While all the shouting goes on about the Office of Management and Budget's A-122 Circular, which limits political advocacy by recipients of federal largess, another initiative that raises the hackles of liberal organizations is being retooled and readied for a return appearance later this year.

OMB spokesman Edwin L. Dale Jr. said yesterday that draft legislation to limit awards for attorneys fees in cases brought against the federal, state and local governments will be resurrected this year and that the OMB expects little trouble in finding a sponsor on Capitol Hill.

Last year's version of the bill prohibited the award of attorneys' fees unless "a party clearly and substantially prevailed on the merits of the controversy," and required that the first 25 percent of any award be paid out of the award for monetary damages, if such an award were made.

MORE ON A-122 . . . Among the throng trooping up to the witness table at a House Government Operations subcommittee hearing on the controversial circular yesterday was Comptroller General Charles A. Bowsher. Like most of those present, he didn't like the OMB's proposal. His testimony was of interest, however, because the OMB had cited a variety of General Accounting Office recommendations in documents supporting the proposal.

"In essence," Bowsher's prepared statement said, "grantees and contractors will be penalized for having individuals engaged in political advocacy doing any work otherwise properly chargeable to a grant or contract. We have serious reservations concerning the legal enforceability of these penalty provisions as well as their desirability from a policy standpoint."

ENDANGERED EXECUTIVE ORDER? . . . The legal backbone of the Reagan administration's regulatory review process has been Executive Order 12291, requiring cost-benefit analysis of most proposed regulations that are expected to cost the government, industry or the public more than $100 million annually.

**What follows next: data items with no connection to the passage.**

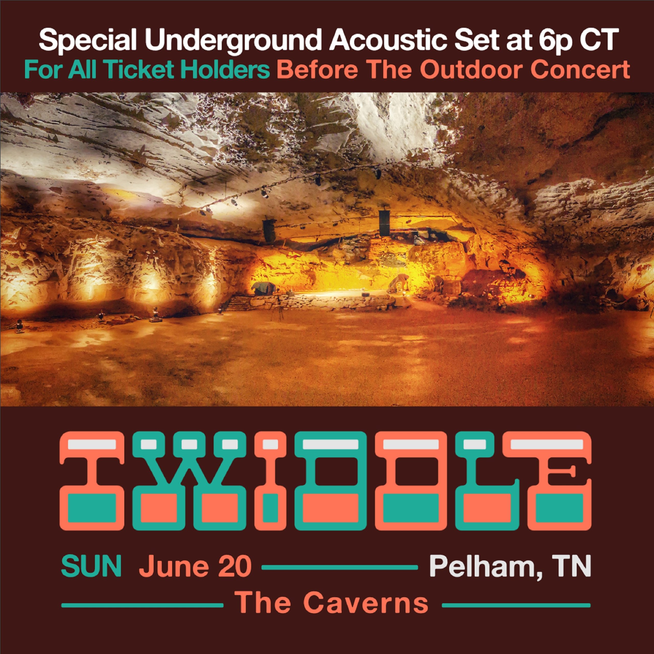 The Caverns and Twiddle announced today that the band will be the first one to officially perform in the venue’s subterranean concert hall since the COVID-19 pandemic forced The Caverns to close the doors of its underground venue to live audiences in March of 2020. Underground and under the stars, Sunday, June 20th promises to… Continue reading The Caverns Officially Reopens Its Subterranean Concert Hall with Twiddle, June 20th
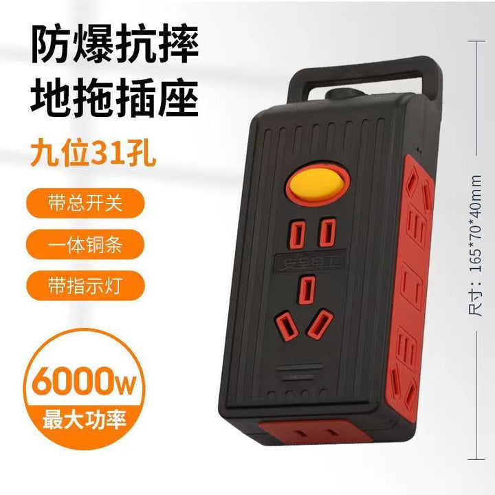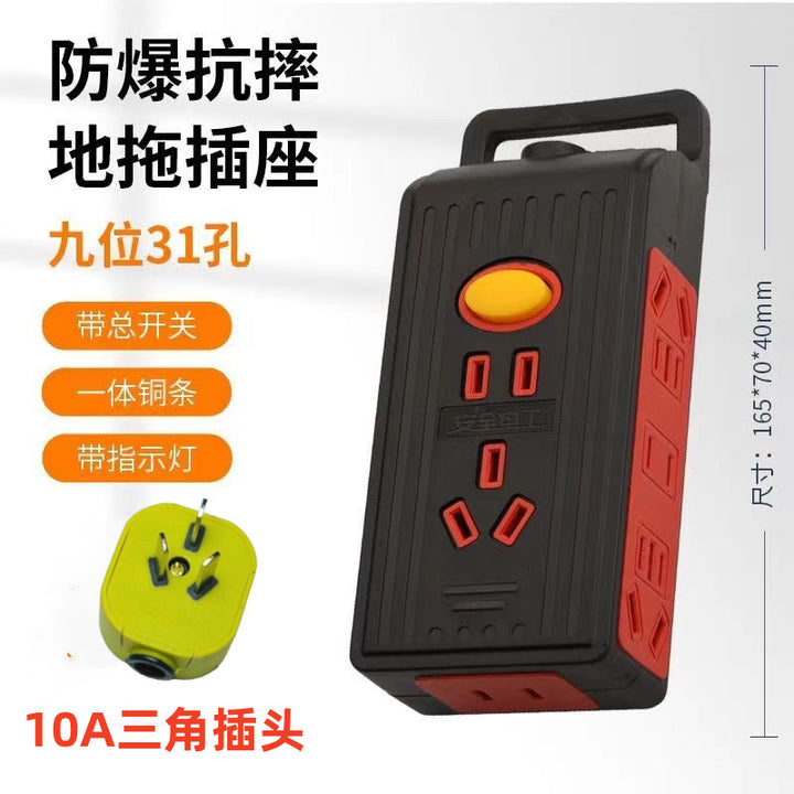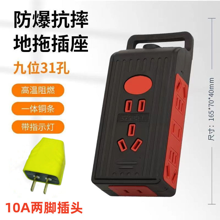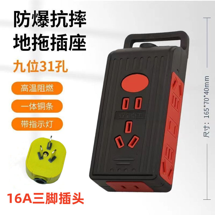 10A16A pure copper high-power 8000-watt socket anti-drop construction site household electric welding machine floor drag socket wiring board
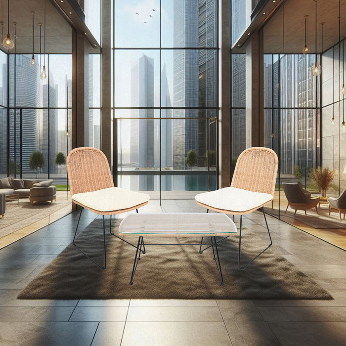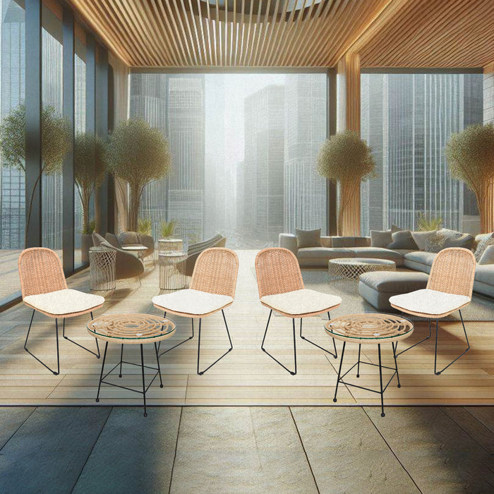 - ELEGANCIA MODERNA Y NATURAL: Diseño sofisticado que combina la robustez del acero con la estética del rattan natural, ideal para espacios al aire libre; aporta un toque de elegancia y naturalidad a cualquier entorno

Those who oppose the order feel it has been dealt a significant blow by U.S. District Court Judge John H. Pratt's recent decision invalidating the administration's withdrawal of a rule requiring liquor manufacturers to list the contents of beer, wine and distilled spirits on bottle labels.

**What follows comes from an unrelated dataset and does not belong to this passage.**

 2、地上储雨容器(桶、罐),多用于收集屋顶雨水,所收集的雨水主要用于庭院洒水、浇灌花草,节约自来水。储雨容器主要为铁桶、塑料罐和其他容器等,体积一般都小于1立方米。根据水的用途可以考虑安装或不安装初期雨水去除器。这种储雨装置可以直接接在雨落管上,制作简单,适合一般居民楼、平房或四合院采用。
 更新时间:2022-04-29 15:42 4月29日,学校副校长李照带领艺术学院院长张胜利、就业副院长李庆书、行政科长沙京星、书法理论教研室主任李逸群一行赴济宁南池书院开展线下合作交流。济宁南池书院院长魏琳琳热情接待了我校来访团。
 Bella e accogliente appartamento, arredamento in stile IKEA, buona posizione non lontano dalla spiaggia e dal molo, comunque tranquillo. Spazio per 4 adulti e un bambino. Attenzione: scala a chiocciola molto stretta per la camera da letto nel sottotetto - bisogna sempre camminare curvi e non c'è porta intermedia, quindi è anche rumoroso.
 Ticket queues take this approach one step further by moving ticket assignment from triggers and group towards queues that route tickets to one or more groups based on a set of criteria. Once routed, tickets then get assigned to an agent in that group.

Bruce Silverglade, an attorney for the Center for Science in the Public Interest, which brought the successful suit, pointed out that Pratt's decision says, "Whatever the consideration given to costs and benefits, an agency may not substitute its policy judgment for the judgment that has already been articulated by Congress." In effect, Silverglade said, the decision undermines the principle of the executive order.

So far the OMB, which administers the executive order, says it isn't worried. Dale said yesterday that three agency attorneys have said "the judge's decision does not create any problems for the general carrying out of 12291 . . . ."

ARRIVEDERCI . . . Jim J. Tozzi, the 19-year veteran of the bureaucracy whose role in reviewing federal regulations has made other bureaucrats gnash their teeth, has told his staff in the Office of Information and Regulatory Affairs that he will be leaving before the end of this year.

Where's he going? "It's not completely locked up yet," Tozzi, the office's deputy administrator, said yesterday. "Mrs. Tozzi has advised me I'm staying in Washington." Before coming to town in 1964, Tozzi, a Ph.D. in economics and business administration, taught at Tulane University.